The problem
Pictures are to be left out, and only the lines below starting at the one with "John McCormack, the" and ending at the one with "Ramsey Island, view" are to be reproduced, each exactly, both ends included.

Available data
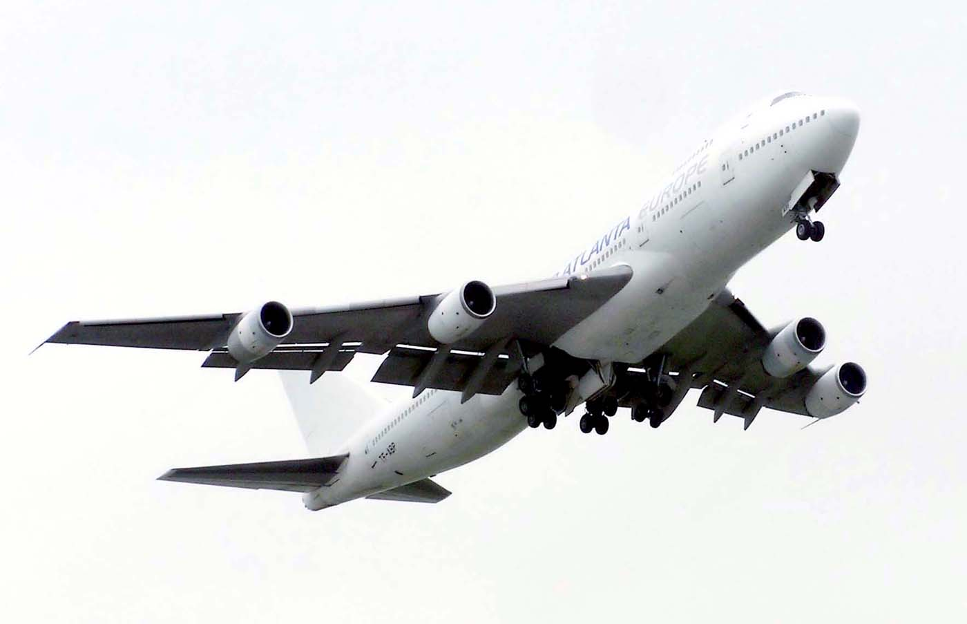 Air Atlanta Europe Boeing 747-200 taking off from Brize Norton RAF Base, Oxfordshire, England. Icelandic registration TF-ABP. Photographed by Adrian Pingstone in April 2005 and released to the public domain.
---
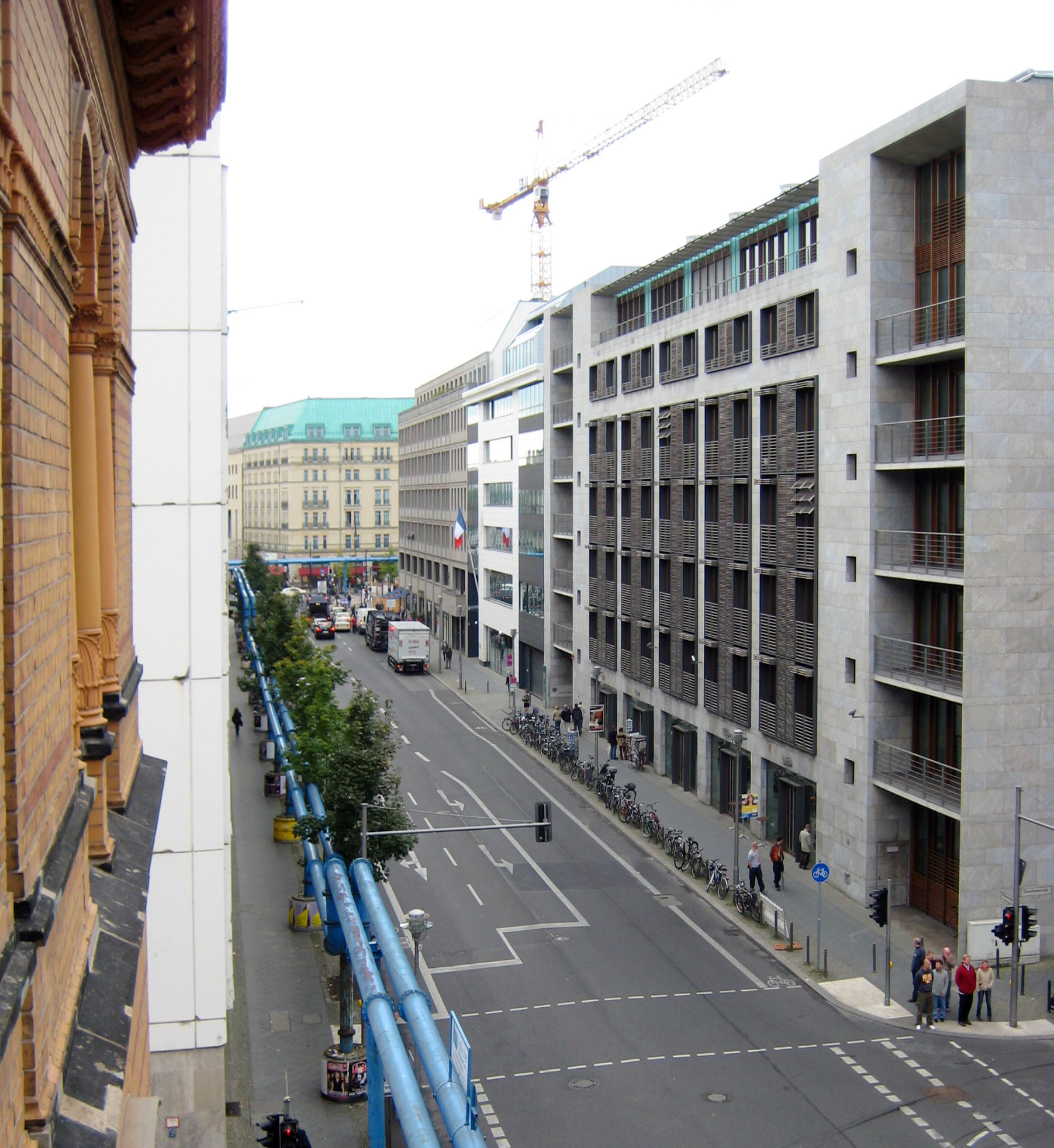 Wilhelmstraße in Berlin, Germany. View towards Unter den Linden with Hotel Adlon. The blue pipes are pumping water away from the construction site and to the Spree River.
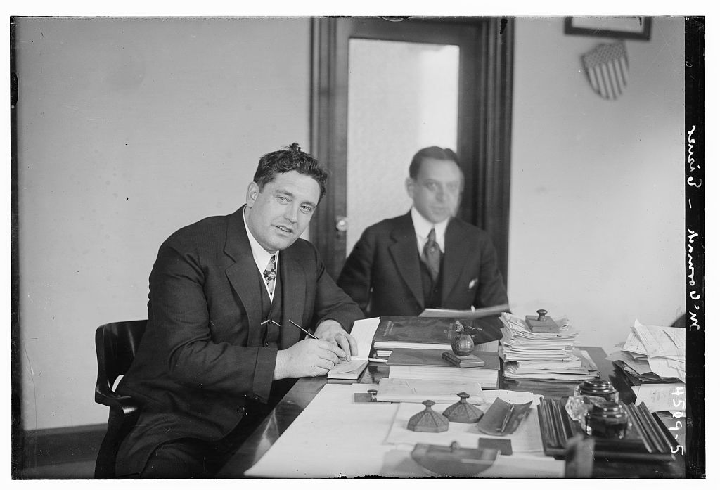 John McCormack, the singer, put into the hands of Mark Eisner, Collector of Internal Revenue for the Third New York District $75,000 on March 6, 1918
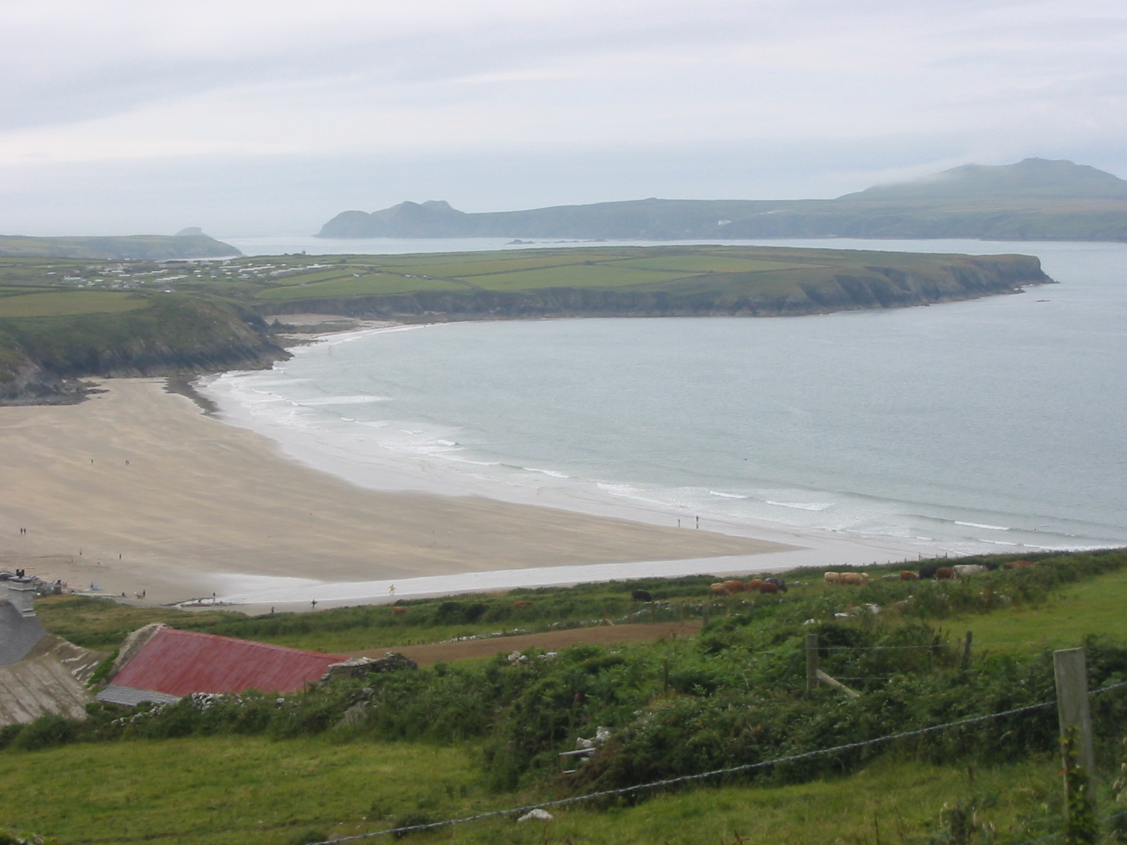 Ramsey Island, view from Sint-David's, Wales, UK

Exercise response
 John McCormack, the singer, put into the hands of Mark Eisner, Collector of Internal Revenue for the Third New York District $75,000 on March 6, 1918
 Ramsey Island, view from Sint-David's, Wales, UK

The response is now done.